🤖 AI Summary
This study addresses the challenge of reduced reliability in anomaly detection within forested environments due to illumination heterogeneity caused by vegetation shadows in UAV-acquired multispectral point clouds. The authors propose a prior-free anomaly detection framework that models solar angle estimation as an inverse optimization problem, enabling metadata-independent shadow extraction by integrating spectral indices with ray tracing. Furthermore, they introduce an illumination-consistent sparse representation mechanism that constructs a background dictionary exclusively from neighboring points sharing the same illumination conditions, effectively decoupling reflectance variations from lighting changes.
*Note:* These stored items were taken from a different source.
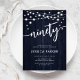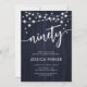 90th Birthday Party Invitation. Rustic design with navy white wood pattern. Classy invite card featuring fairy string lights and white script font. Perfect for a stylish ninetieth bday celebration. Personalize with your own details. Can be customized for any age! Printed Zazzle invitations or instant download digital printable template.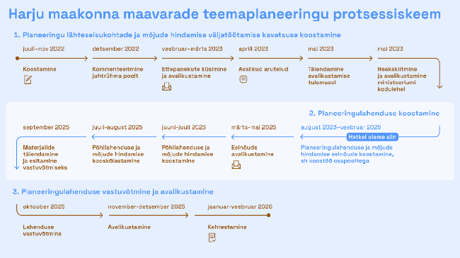 Teemaplaneeringu eskiislahendus koos seletuskirja ja mõjude hindamise aruande eelnõuga avalikustatakse 2025. aasta kevadel. Avaliku väljapaneku ajal on 30 päeva jooksul igaühel võimalik esitada kirjalikke arvamusi ja ettepanekuid. Samuti toimuvad avalikud arutelud, mille toimumisaegadest aegsasti teavitame.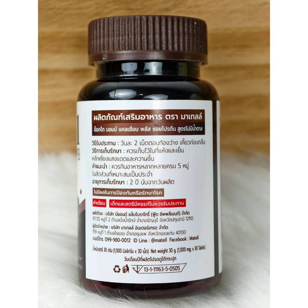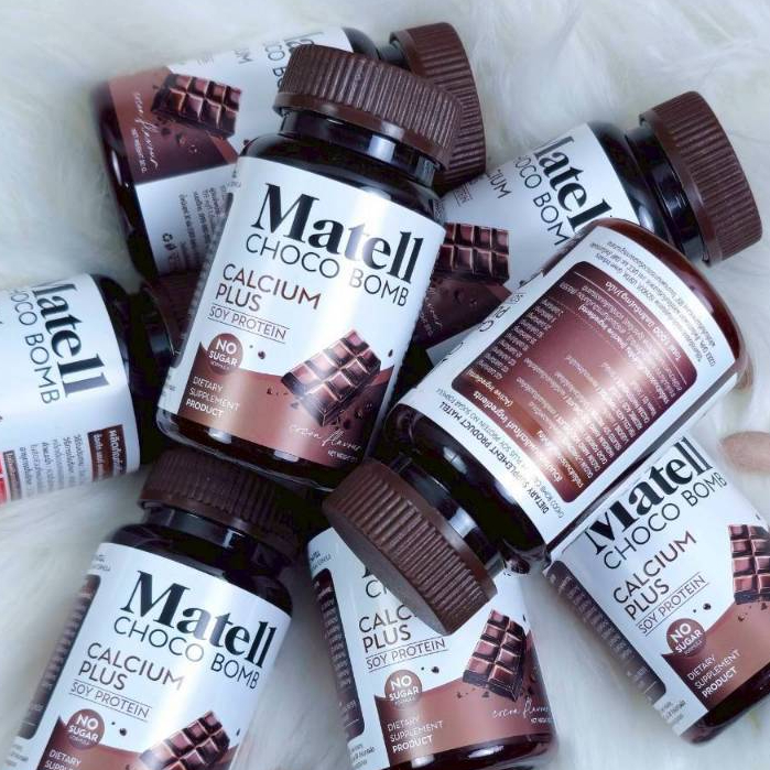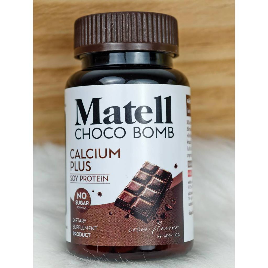 แคลเซียม MATELL Choco Bomb+Soy Protein ไม่ผสมนมวัว ไม่มีน้ำตาล [ 1 กระปุก 30 เม็ด ]
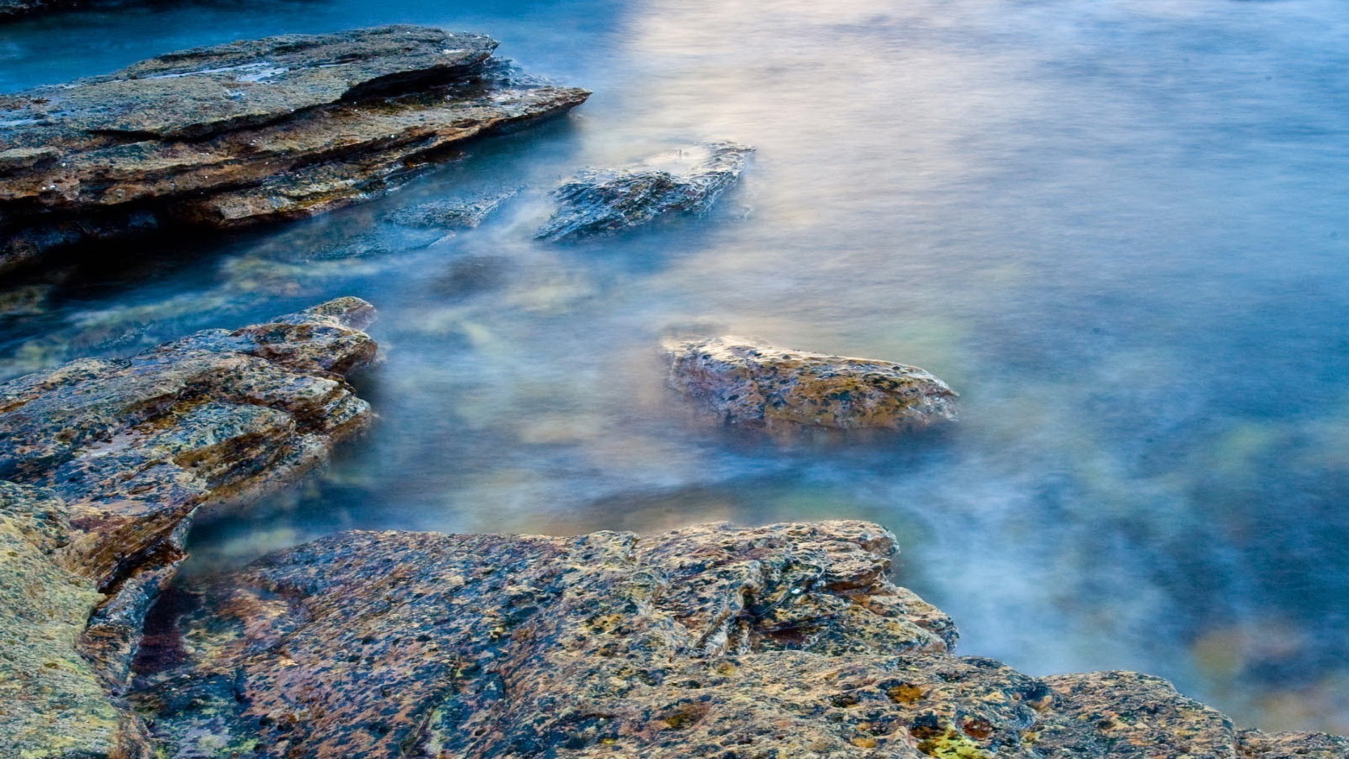 La mer lave les pierres sur le rivage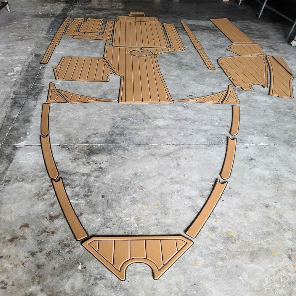 We could not add the 12 floor color options that you can choose to use to each listing because of quantity limit, when you order it, you can just leave an order note for the floor color that you want to use or you can send us a message, we will always check and confirm the floor color with you before we make the floor for you.You can just order it. 2015-2018 Malibu 22 VLX Cockpit Pad Boat EVA Foam Teak Deck Floor Please be aware that we can only make this boat floor by the first listing drawing. Before you order it, please double check the listing drawing outline shapes with your boat to make sure they can fit your boat well. As long as the floor pad outline shape can match your boat deck layout, it should fit well.We will not be hold responsible if the listing drawing floors do not fit your boat well because you do not double check our listing drawing. We can only make sure that the floors will be cut exactly by the listing drawing. If you are not sure if the drawing can fit well with your boat, please send us some photos of your boat deck layout or a short video to show your boat deck layout from stern to bow so we can help you to confirm the fitting. The floor comes with marine backing adhesive.It is peel and stick installation.You just need to peel off the white protection paper and put it down. You do not need to buy glue to install it. We offer 1 year warranty for all our boat floors. The EVA floor is 1/4"(6mm) thick two-color pad. You can choose your colors, texture and faux teak option. Additional custom text logos can also be incorporated on EVA floor. All routed logos and beveled edges will show the bottom color selected. All EVA floors come with marine backing glue. All EVA floors listed on our online store are "made to order" and not stocked so please allow up to 2-3 weeks for delivery. EVA floor fabrication time is about 4-5 days, then it will take about 7-10 days’ time to ship and deliver to your order shipping address.After you order it, please double check your order shipping address to make sure all the shipping address, postal code, city name and contact phone number are all correct. We will ship all orders by express shipping such as DHL, FedEX, USP or EMS express. We will choose the shipping courier as we see fit. Color choices: #1 Brown+Black #2 Dark Brown+Black #3 Brown+White #4 Grey+Black #5 Dark Grey+Black #6 Grey+White #7 Grey+Blue #8 Grey+Purple #9 Grey+Red #10 Black+White #11 Black+Red #12 Black+Blue When you order it, please tell us the color you want for top layer and bottom layer. Additional custom text logo fee:30 USD/ea. Before you order it, please verify the dimensions of the product drawing and confirm that it matches your boat and understand that this cannot be returned without a restocking fee of 30%. We can also make the custom EVA teak decking by the template drawing or full size template that you can supply to us. The listing price does not include any destination duties/taxes/custom fees/etc. that will be due when the product arrives at destination countries/regions. It is the customer's responsibility to pay for all custom duty/taxes/custom fees if any class="extend--iframe--to7hHIV" data-spm-anchor-id="a2g0o.detail.0.i1.1f33O8FSO8FSb0" data-spm-act-id="a2g0o.detail.0.i1.1f33O8FSO8FSb0" style="box-sizing: border-box; -webkit-tap-highlight-color: transparent; outline: 0px; margin: 0px; padding: 0px; height: 24516.7px; position: absolute; top: 0px; visibility: hidden; z-index: -1;">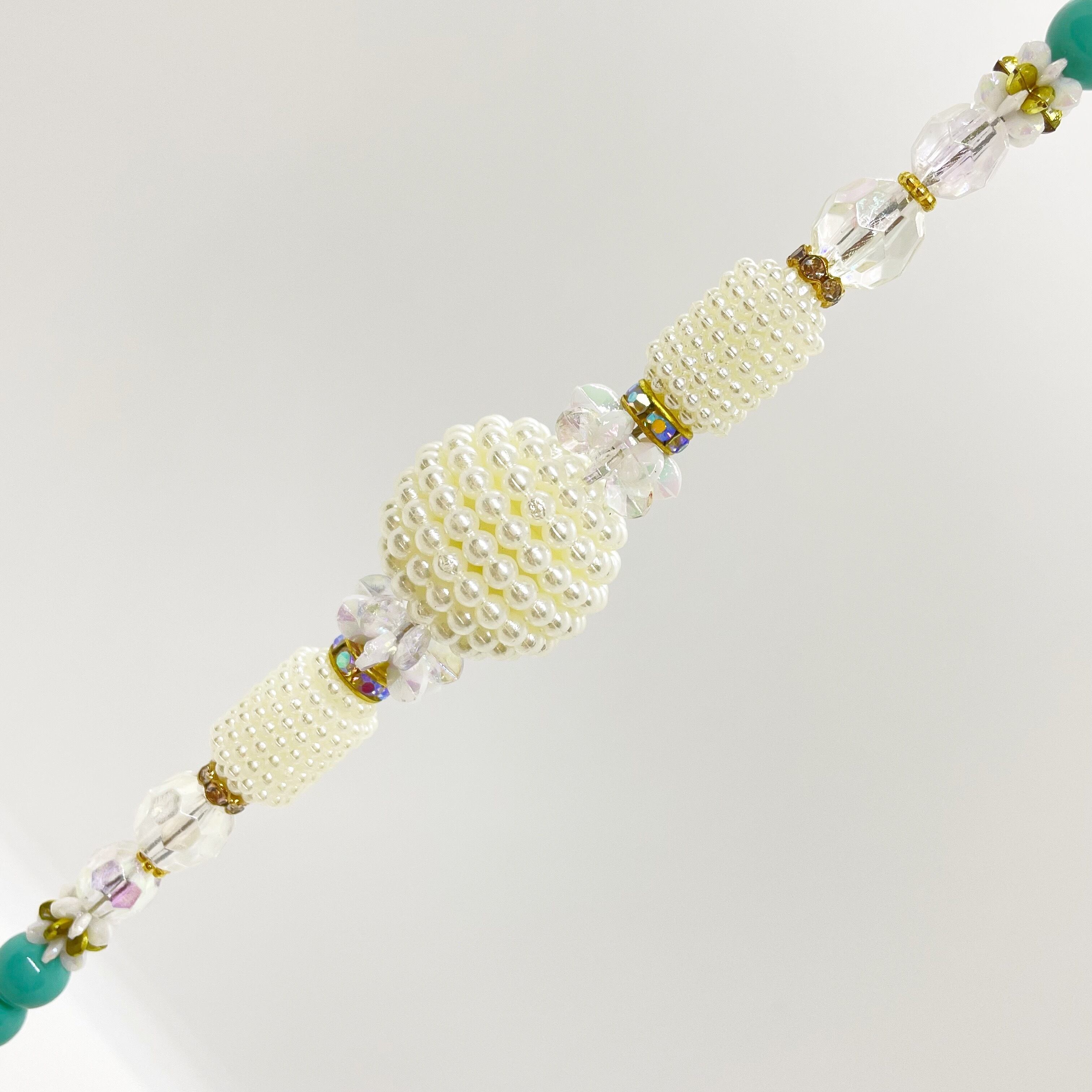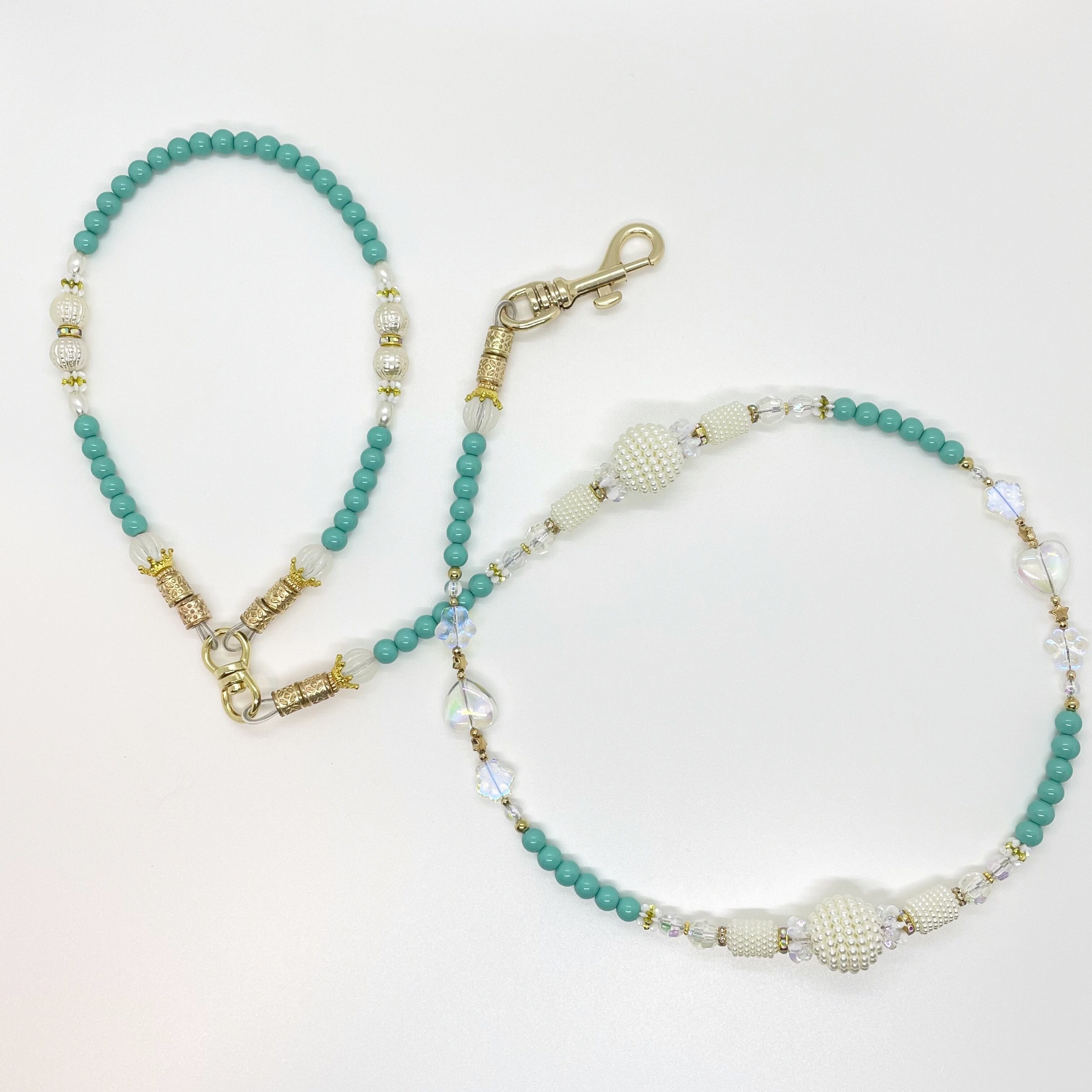 クールなターコイズカラーに、まん丸ベイベリービーズと肉球が可愛らしいビーズリードです。

This approach significantly enhances the separability between anomalies and background in complex forest scenes, outperforming state-of-the-art methods in applications such as camouflaged target detection, fallen log mapping, and understory archaeological surveying.
📝 Abstract
Unmanned Aerial Vehicle (UAV) multispectral point clouds (MPC) provide high-dimensional spatial-spectral data for sub-canopy target detection; however, their efficacy is significantly compromised by severe illumination heterogeneity caused by vegetation shadows. To address this, we propose a prior-free anomaly detection framework capable of robustly handling lighting variations. First, we formulate solar angle estimation as an inverse optimization problem. By coupling spectral indices with a ray-tracing model, this strategy achieves Prior-Free Shadow Extraction without relying on flight metadata, effectively distinguishing dark objects from true shadows. Second, to mitigate spectral distortions, we introduce an Illumination-Consistent Sparse Representation mechanism. Unlike standard reconstruction methods, we construct a background dictionary strictly from neighbors sharing the same illumination state. This constraint effectively disentangles spectral reflectance from lighting variations, ensuring that targets are represented solely by physically consistent background points. Experimental results indicate that the proposed method significantly improves the separability between anomalies and background in complex forest environments, demonstrating superior performance over state-of-the-art baselines. This framework is particularly suited for identifying camouflaged military targets, mapping fallen tree trunks, and uncovering archaeological ruins hidden beneath dense foliage.